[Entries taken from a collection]
━━━━━━━━

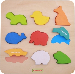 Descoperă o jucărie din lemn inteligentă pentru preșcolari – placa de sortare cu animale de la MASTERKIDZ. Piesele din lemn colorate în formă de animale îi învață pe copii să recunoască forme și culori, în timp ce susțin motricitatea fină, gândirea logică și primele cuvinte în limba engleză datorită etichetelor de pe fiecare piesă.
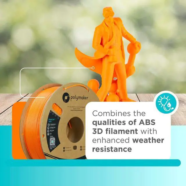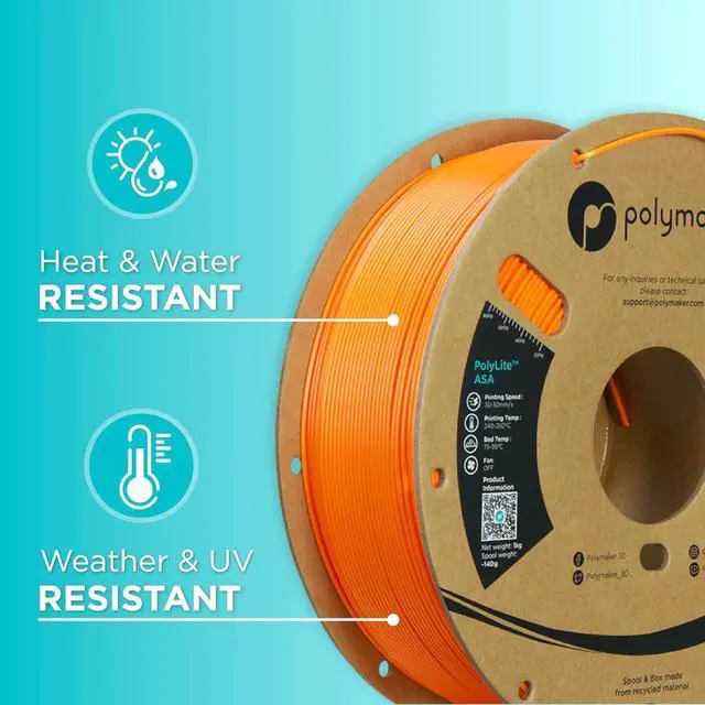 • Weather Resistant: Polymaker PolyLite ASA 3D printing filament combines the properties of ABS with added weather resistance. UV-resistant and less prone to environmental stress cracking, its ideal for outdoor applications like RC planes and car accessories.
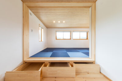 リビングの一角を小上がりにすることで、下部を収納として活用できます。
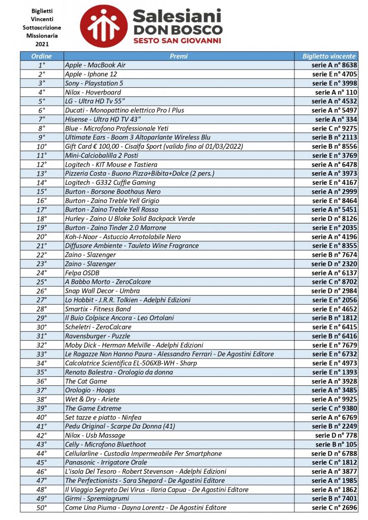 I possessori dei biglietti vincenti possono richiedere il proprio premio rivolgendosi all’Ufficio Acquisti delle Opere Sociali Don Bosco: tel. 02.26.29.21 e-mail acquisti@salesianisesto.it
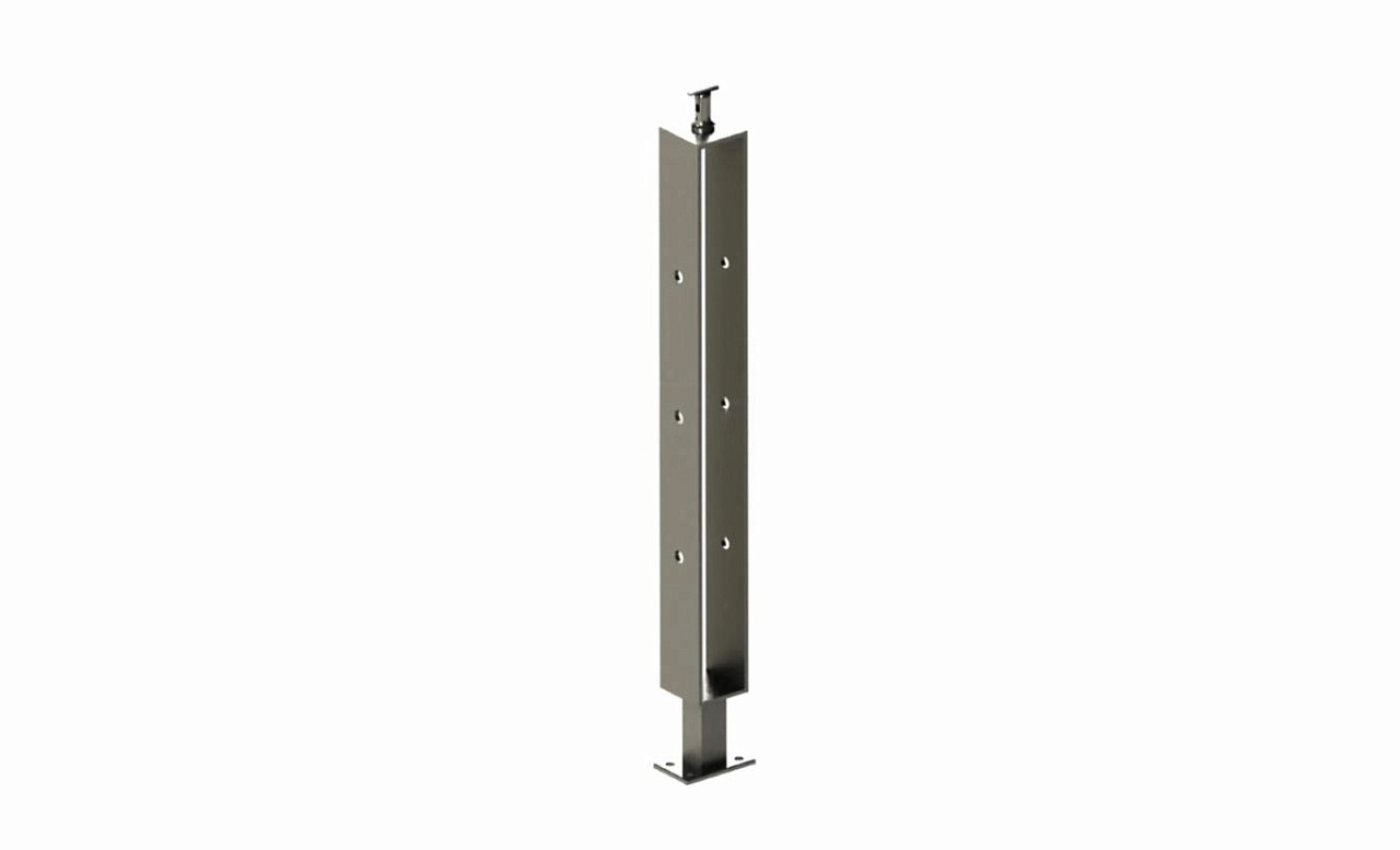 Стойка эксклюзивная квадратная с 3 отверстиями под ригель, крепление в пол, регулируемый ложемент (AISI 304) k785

━━━━━━━━

*EXERCISE DESCRIPTION*. Reproduce the lines above exactly, please, but not the pictures in them.

*TASK ANSWER*.
 Descoperă o jucărie din lemn inteligentă pentru preșcolari – placa de sortare cu animale de la MASTERKIDZ. Piesele din lemn colorate în formă de animale îi învață pe copii să recunoască forme și culori, în timp ce susțin motricitatea fină, gândirea logică și primele cuvinte în limba engleză datorită etichetelor de pe fiecare piesă.
 • Weather Resistant: Polymaker PolyLite ASA 3D printing filament combines the properties of ABS with added weather resistance. UV-resistant and less prone to environmental stress cracking, its ideal for outdoor applications like RC planes and car accessories.
 リビングの一角を小上がりにすることで、下部を収納として活用できます。
 I possessori dei biglietti vincenti possono richiedere il proprio premio rivolgendosi all’Ufficio Acquisti delle Opere Sociali Don Bosco: tel. 02.26.29.21 e-mail acquisti@salesianisesto.it
 Стойка эксклюзивная квадратная с 3 отверстиями под ригель, крепление в пол, регулируемый ложемент (AISI 304) k785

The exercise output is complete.